There are intriguing whispers in the air about a possible alliance between the Law Library set of McDowell, and the country and western king-in-exile Michael Fitzmaurice, under the banner of ‘common sense’.
In a political system where women tend not to thrive in the main parties, three strong female TDs – Verona Murphy, Carol Nolan and Marian Harkin – are being associated with this putative alliance, whether they like it or not.
Wily foxes such as Noel Grealish and Seán Canney will also be wondering if some of the pixie dust of a McDowell link would accentuate their prospects.
Sharon Keogan is not exactly one of the South Dublin liberal set, but if the fiery senator attempts to attach herself to any movement for change, it will be hard to fight her off.
There are important questions as to the methods by which any new political movement could be set up, the not unimportant issue of the desire of Michael McDowell to lead any such movement, and his suitability.

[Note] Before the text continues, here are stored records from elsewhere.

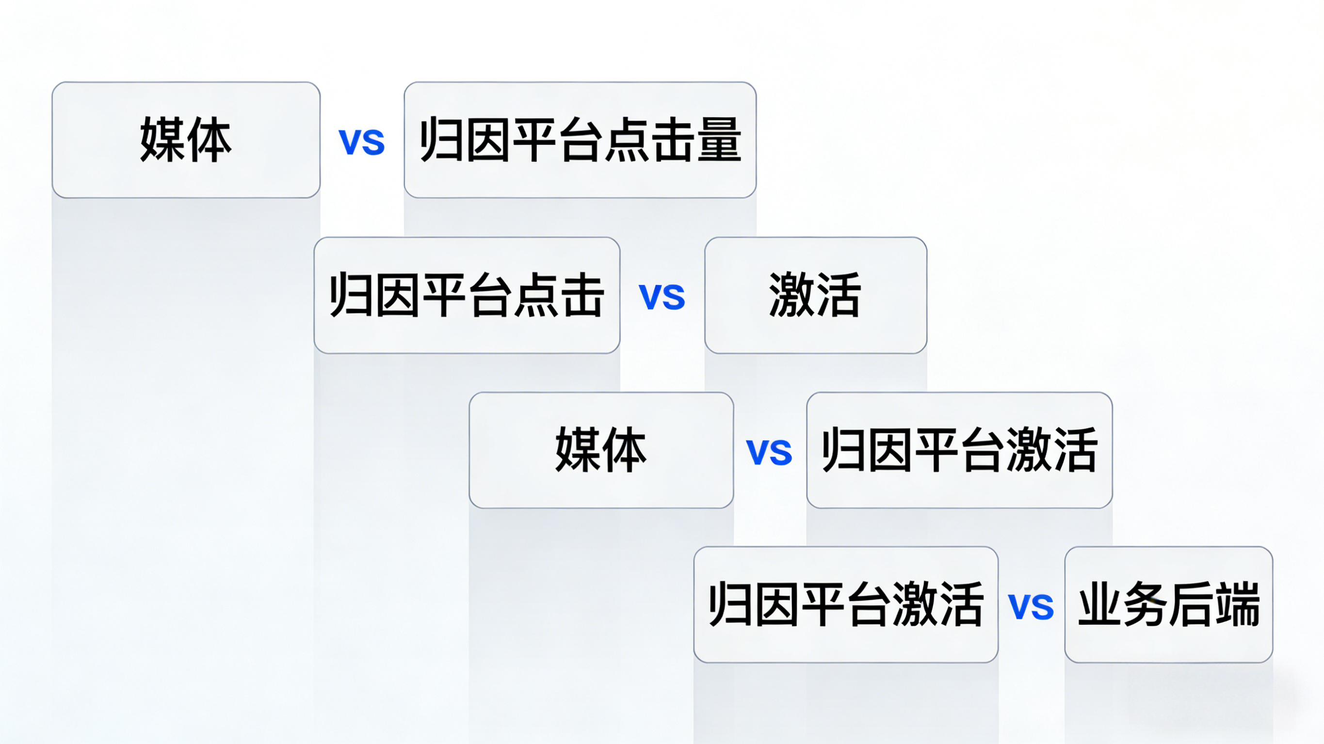 - 媒体点击量 vs 归因平台接收点击量:如果差值大于 10%,应排查是否存在大面积的网络劫持,监测链接中的宏参数拼接是否有语法错误,或者网页跳转由于服务器响应过慢导致用户直接关闭。
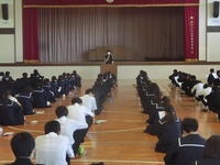 校長先生のお話、保健室の先生から健康管理についてのお話、生徒指導担当の先生から臨時休業中の生活についてのお話がありました。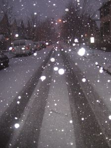 Ahh…those first few times it snows each year isn’t it beautiful (though it seems to have come significantly later the last few years…hmmm). I have always loved the change of seasons and particularly the winter (though not as much as I get older). It’s these first few snow showers of the year that make me feel like a kid again when I’m out in it. After riding my bike the short distance home from work I could see that the (car) drivers were like lunatics (I saw two fender benders) but still wanted to be in the elements so I walked to the health club for a quick steam and very short swim. I love to ride bikes in the snow, but after seeing how people were driving this evening it felt safer to walk. I had a rather harried day at work and the walk helped…how could you not smile when walking in those big fluffy flakes.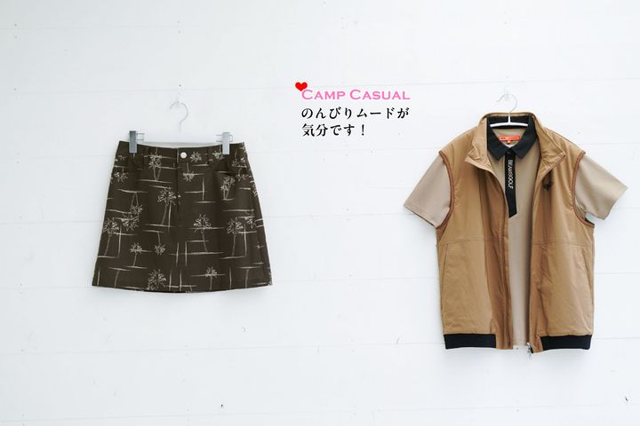 ユニセックスな空気感のアウトドアは、ゴルフシーンではスカートスタイルでスイートにまとめるのが洗練の秘訣。サファリテイストやアクティビティスタイルをきれいめヘルシーにアレンジしつつ、アウトドア小物をオンすると、さらに山や高原に着映えて素敵。ナチュラルにゆったりと時間を楽しむ大人女子の晩夏スタイル!

METHODOLOGY can be cured swiftly enough, for there is no need, for example, to create a conventional party. Indeed, if the electorate is in revolt against political parties, that would be fatal.
An Independent alliance – somewhat similar to the various Independent Dáil groups – could work, however.

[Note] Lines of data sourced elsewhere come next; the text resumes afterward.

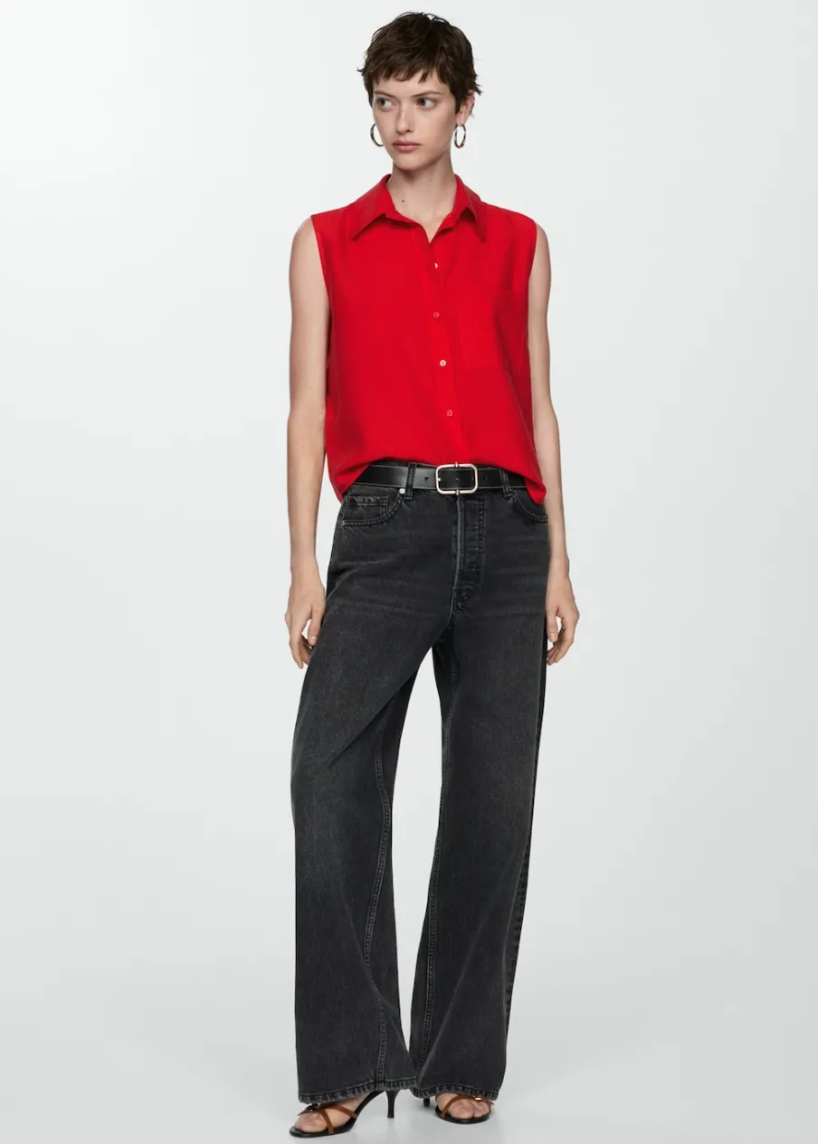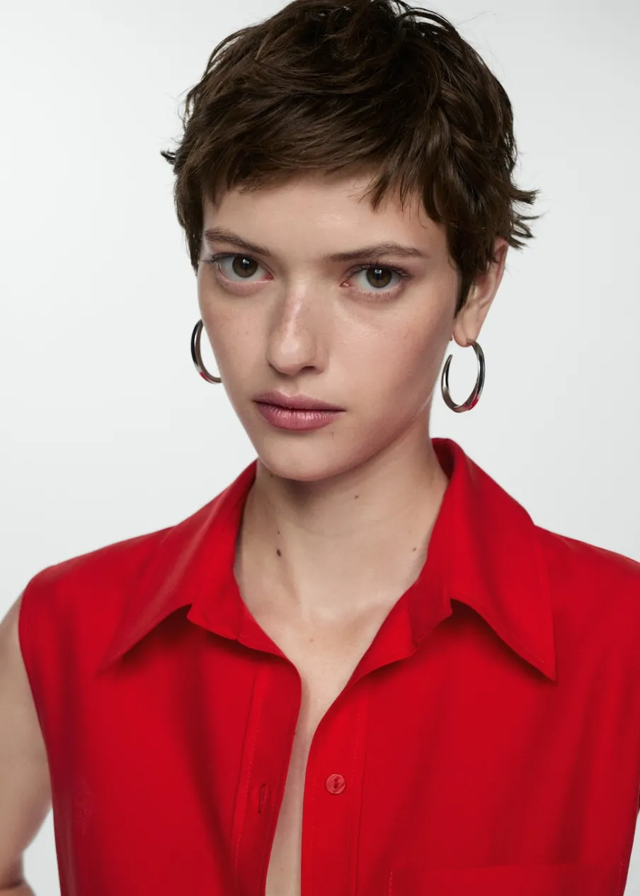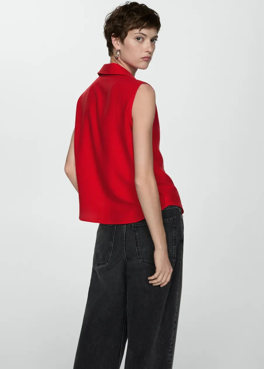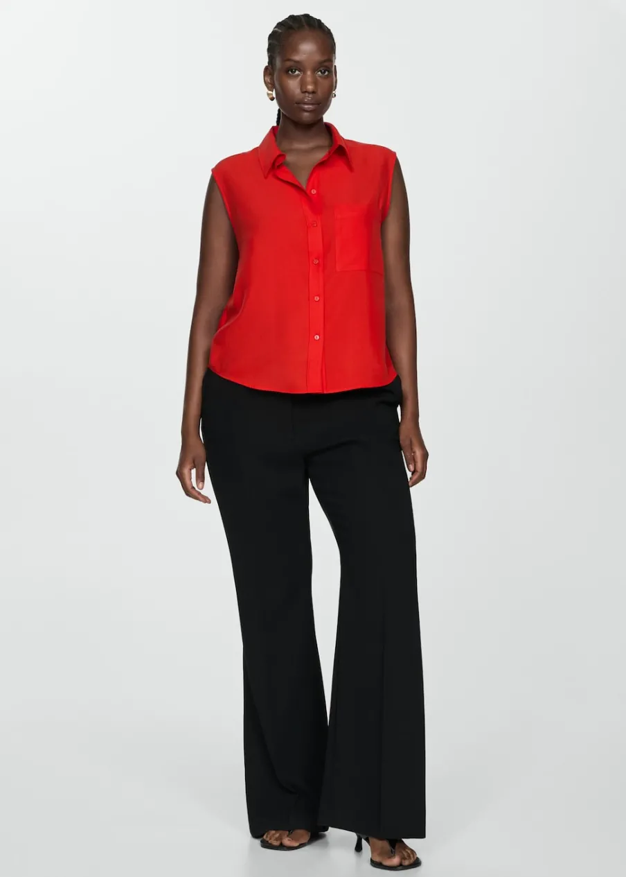 Tkanina lyocell. Model prosty. Koszulowy kołnierz. Bez rękawów. Kieszeń nakładana na piersi. Dostępne w Plus Size. Zapięcie na guziki z przodu.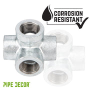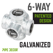 Our galvanized fittings are silver in color with a shiny finish that brings a clean, polished look to your pipe furniture. Use a 6-way fitting as the center of a pipe light fixture or for other creative projects. The sky’s the limit!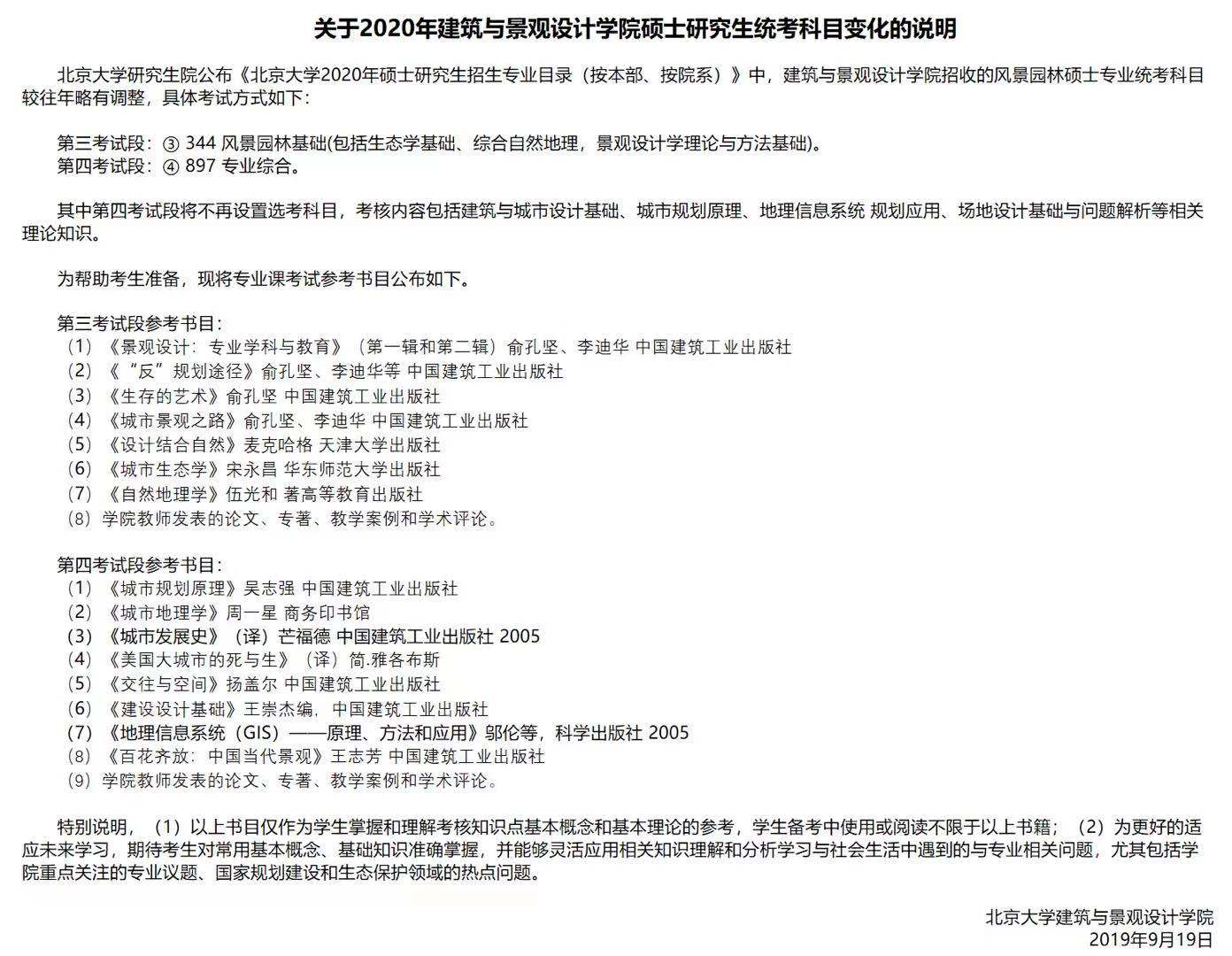 (1)专业课两门准备:2020年北京大学风景园林考研专业课发生了重大变革,专业一内容几乎不变。但是专业二从“建筑设计”和“城规”方向二选一,直接变成了以城市规划为主的专业大综合。而其实很多同学也许是因为坊间传闻“考建筑分数普遍偏高一些”,一直准备的都是建筑方向的学习。所以在2019年10月招生简章公布的时候,大家都普遍懵逼。这里给大家看一下院网公开的参考书籍。

Significantly, when it comes to the matter of Dáil or Seanad, there is no need for McDowell to descend from his beloved Upper House eyrie to lead, or be the public face of, any group of Independents.
And when it comes to suitability, increasingly it looks as though this will be an election informed by the increasing isolation of a public who are silently, but deeply alienated from all of the political parties.
A vulnerable people are seeking a strong person to provide certainty and leadership.
But, should an Independent Moby Dick rise, it will be an incoherent force requiring someone with wisdom to provide it with coherence.
Many will argue that, after all of his political experiences, no one is more qualified for the role of a national eminent grise than McDowell who, if he agrees, could lead us to very interesting times.